City to consider posting cell phone radiation information on its website

A woman uses her cell phone as she walks down Bancroft Way.  Berkeley City Council will consider a resolution that would post online info regarding cell phone radiation.
Kevin Foote/Staff
A woman uses her cell phone as she walks down Bancroft Way. Berkeley City Council will consider a resolution that would post online info regarding cell phone radiation.

Berkeley City Council will consider at its meeting Tuesday a resolution that would post information regarding cell phone radiation on the city’s Public Health Division’s website.

If approved, the recommendation — from the city’s Community Health Commission — would link to information from the World Health Organization and other reputable sources on the division’s website, according to the resolution.

The resolution states that posting the information is an opportunity to provide information to residents to protect their health from cell phone radiation, which was declared a possible human carcinogen by WHO earlier this year.

“It’s a disservice to society at large to argue against the need for precautionary health warnings,” said Joel Moskowitz, director of the Center for Family and Community Health at UC Berkeley’s School of Public Health.

The decision to link to the information is at the discretion of health officer Janet Berreman, according to city spokesperson Mary Kay Clunies-Ross.

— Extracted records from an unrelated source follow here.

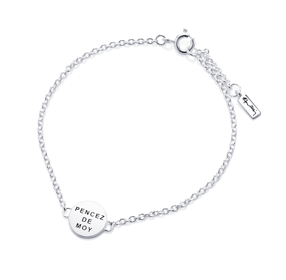 ‌Efva Attling Mini Pencez De Moy bracelet 14-100-00568/1719 with a powerful message "Think of me" written in 14th century french. The diameter of the pendant is 11 mm, and the chain is adjustable in length between 17-19 cm. Efva Attling jewelry is delivered in its original packaging.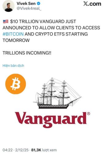 Từng được xem là "pháo đài" bảo thủ nhất phố Wall khi kiên quyết nói không với tài sản kỹ thuật số, Vanguard vừa bất ngờ đảo ngược thế cờ. Bắt đầu từ thứ Ba tới, hơn 50 triệu khách hàng của công ty quản lý tài sản lớn thứ hai thế giới này sẽ chính thức được giao dịch các quỹ ETF tiền điện tử, một động thái được giới chuyên gia dự báo sẽ kích hoạt "bức tường tiền" khổng lồ chảy vào thị trường.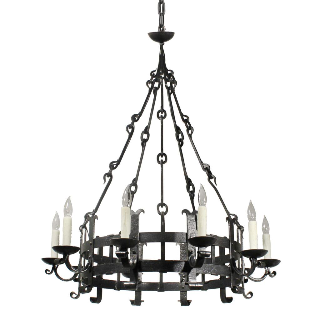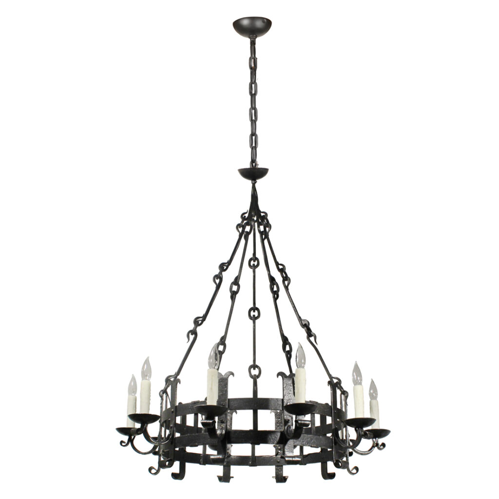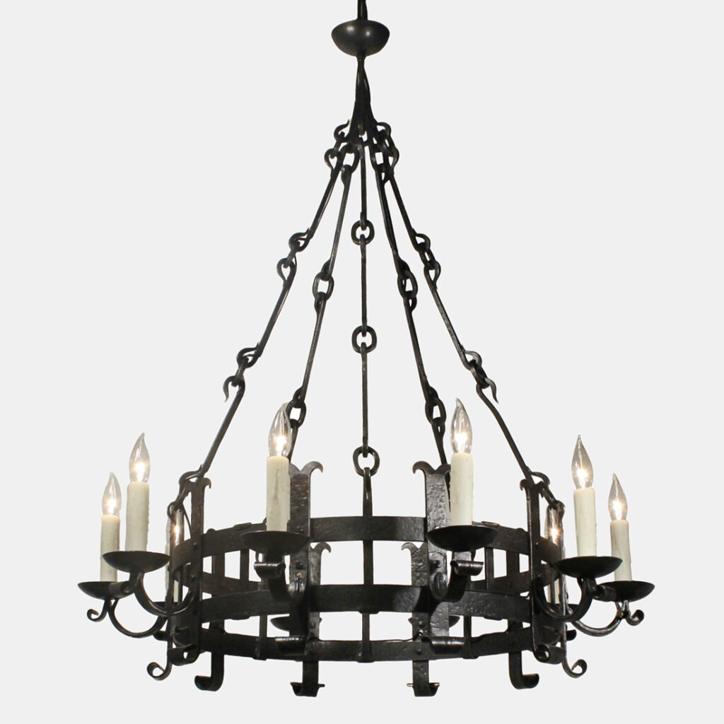 A substantial antique ten-light cast iron chandelier, dating from the early 1900’s and salvaged out of a home in Nashville, TN. This fixture would look lovely in Tudor, Spanish Revival, or Gothic Revival homes. It is in excellent antique condition, and has been professionally rewired with all the necessary attachments for modern installation. The chandelier body measures 36-1/4″ wide, 48″ tall, and is 67-1/4″ long overall. Due to the size of this fixture, it requires a custom shipping quote; please contact us if you have any questions.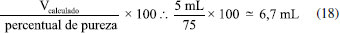 PREPARO DA SOLUÇÃO Após obtenção dos valores de concentração, bem como das massas e volumes de reagentes necessários, a próxima etapa envolve o preparo da solução propriamente dita. Primeiramente, é importante ressaltar que o usuário deve planejar corretamente, revisar o procedimento e o seguir cuidadosamente. Além de utilizar vidrarias e demais instrumentos adequados, equipamentos de proteção individual (EPIs) e proceder com atenção e cautela, a fim de garantir que o procedimento seja realizado com segurança.27 Em seguida, as massas previstas dos reagentes sólidos devem ser pesadas corretamente em uma balança analítica e os volumes devem ser transferidos através de uma pipeta volumétrica ou automática devidamente calibrada. Lembre-se que, para evitar acidentes, os ácidos devem ser adicionados à água ou às bases, e não o contrário. Uma vez solubilizados e adicionados todos os reagentes a um balão volumétrico adequado, deve-se verificar o pH e por fim completar o volume com água deionizada. Recomenda-se a verificação do pH da solução recém preparada em pHmetro contendo eletrodos para soluções aquosas, de acordo as especificações de utilização e manutenção descritas pelo fabricante. Note que pode haver sutis diferenças entre o valor de pH registrado no potenciometro e o almejado, devido às incertezas associadas principalmente às constantes de equilíbrio, à temperatura do ambiente e aos reagentes voláteis, higroscópios e de pureza desconhecida. Lembre-se, ainda, que medidas potenciométricas de soluções muito ácidas (pH em torno de 1) bem como soluções muito alcalinas (pH em torno de 13) também têm um erro associado, visto que nessas concentrações os sítios da superfície da membrana externa do eletrodo estão saturados (com íons H+ ou outro cátion monovalente, como o Na+ no caso de soluções altamente alcalinas), consequentemente, nesses casos não é possível fazer uma medição precisa do pH.3,4 Uma vez verificado adequadamente o pH da solução, se necessário, o usuário pode ajustá-lo pela adição de alíquotas de soluções concentradas de ácidos ou bases fortes.3
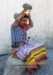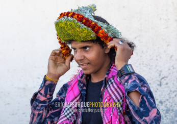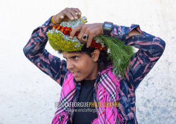 Portrait of a flower man making a floral crown on his head, Jizan Province, Addayer, Saudi Arabia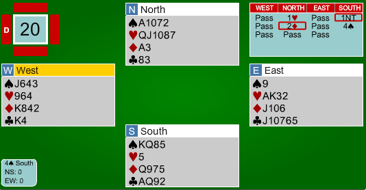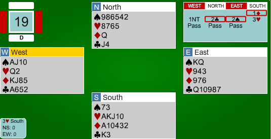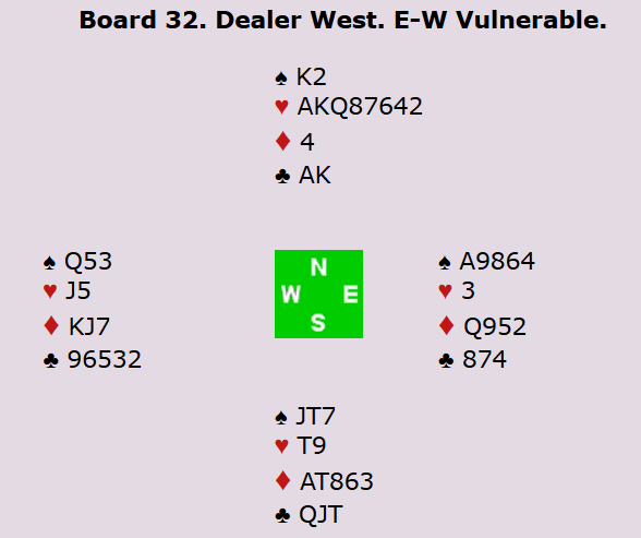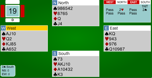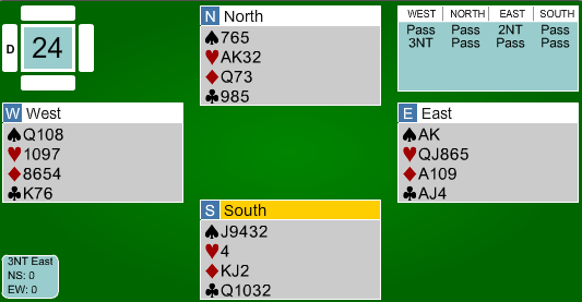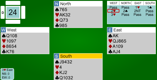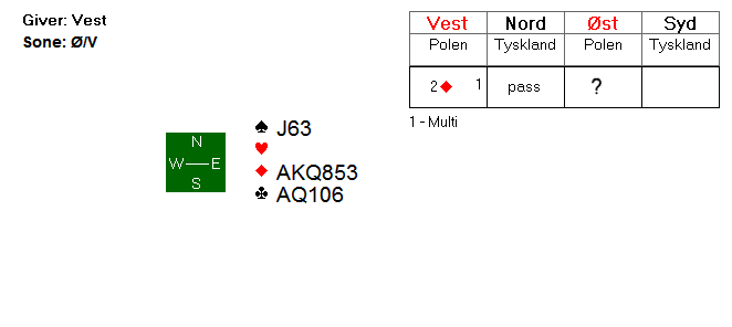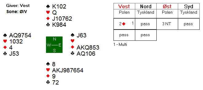 I åpent rom valgte Vest å åpne med 1 spar, Ann Karin Fuglestad passet og Øst svarte 1 grand. Da Marianne Harding så gikk innpå med 2 hjerter viste det nok solid 5+ farge men max ca 15 hp. Vest passet og Nord hoppet til utgang. Men der døde det naturlig ut. Utspill ru J og med aktuell sits ble det 13 stikk.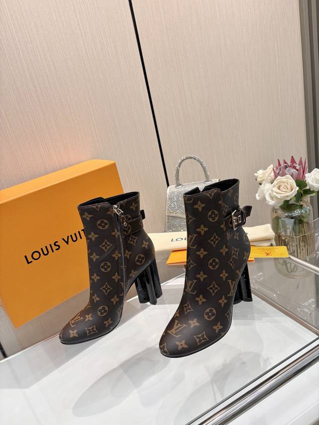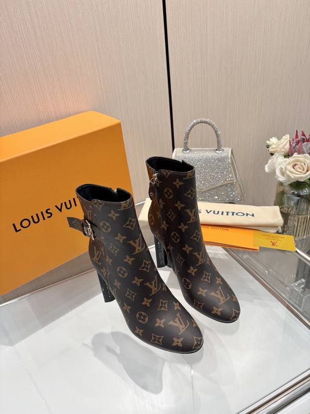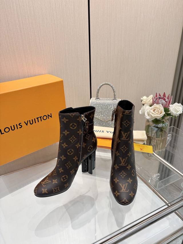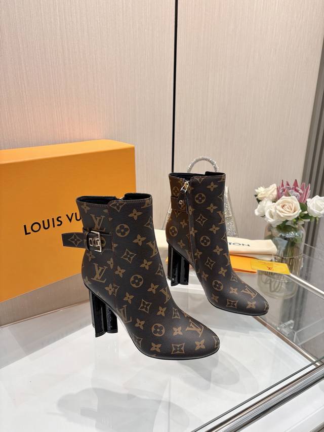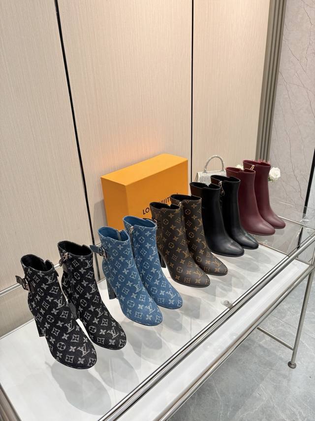 LV Autumn/Winter Runway Same Style 6-inch Ankle Boots Officially Available Now! Classic last outlines the elegant curve of the toe. Newly molded LV element buckles and exquisite details speak of high-end style. 9.5cm plum blossom heel supports effortless strides. Original molding process achieves 1:1 three-dimensional tailoring. Selected imported calfskin, monogrammed leather, and denim are available. Lined with skin-friendly sheepskin, Italian genuine leather outsole. Every step exudes the quality of luxury. Wear the runway brilliance on your feet. Make every everyday moment your own personal runway. Materials: Imported calfskin, monogrammed leather, and denim. Lining: High-quality soft sheepskin lining. Insole: Imported sheepskin lining. Outsole: Italian genuine leather. Heel: 9.5cm plum blossom heel with leather upper. Sizes: 35-40, 34, 40, 41. Custom orders are non-refundable and non-exchangeable.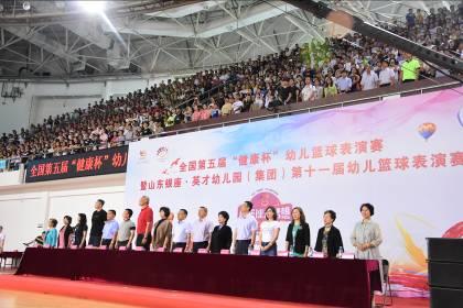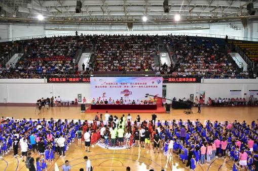6月16日上午8:00,由中國(guó)民辦教育協(xié)會(huì)學(xué)前教育專業(yè)委員會(huì)主辦,山東銀座·英才幼兒園(集團(tuán))(以下簡(jiǎn)稱銀座幼教)、北京銀座教育集團(tuán)承辦,山東省籃球運(yùn)動(dòng)協(xié)會(huì)(以下簡(jiǎn)稱省籃協(xié))特別指導(dǎo)的全國(guó)第五屆“健康杯”幼兒籃球表演賽暨銀座幼教第十一屆幼兒籃球表演賽于濟(jì)南市歷城區(qū)體育中心拉開(kāi)帷幕。來(lái)自全國(guó)七省市58支代表隊(duì)的近1200名幼兒齊聚泉城,參加了本次幼兒籃球盛事。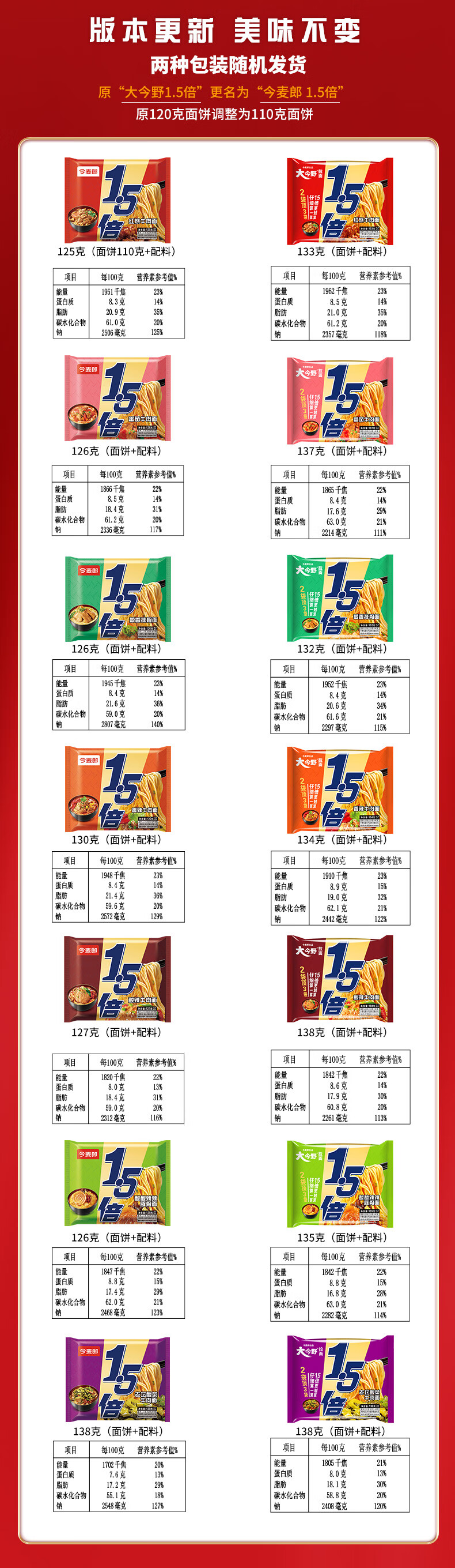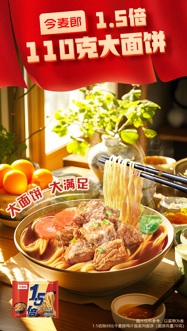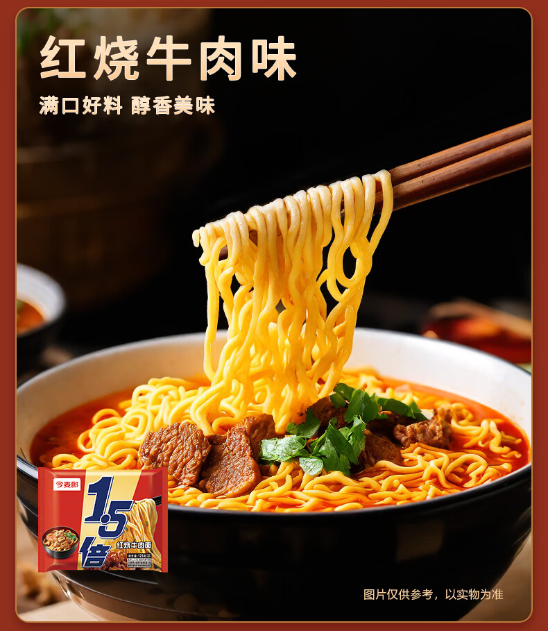 今麦郎方便面泡面袋装 1.5倍速食宵夜红烧牛肉味拉面125g*5袋

This is not the city’s first time approaching the idea of providing residents with information regarding radiation. According to Brian McDonald, chair of the city’s Community Environmental Advisory Commission, the commission looked into the matter in April and May, but decided to not pursue it further until lawsuits were settled with CTIA-The Wireless Association and the city of San Francisco — which passed “Right to Know” legislation last July that requires businesses to provide safety information about radiation before customers purchase cell phones.

Moskowitz said most cell phone companies do provide warnings about radiation exposure in each phone’s manual, but those warnings tend to be “in very fine print, in obtuse language, or you have to download the manual from a website.”

According to the resolution, the City Council has pursued legislation modeled after Right to Know, and providing information on the health division’s website is part of the city’s pivotal role “due to the potentially adverse health effects from inaction.”

Moskowitz said that though evidence regarding possibly carcinogenic cell phone radiation is not yet conclusive, there is “highly suggestive evidence” that cell phone users should take precautions to reduce potential harm.

“The cell phone industry does a lot of double speak around the whole issue, and a lot of cell phone companies think that if radiation emissions are below the legal limit, there’s not a problem,” Moskowitz said. “I think it’s unfortunate because a lot of people will suffer needlessly.”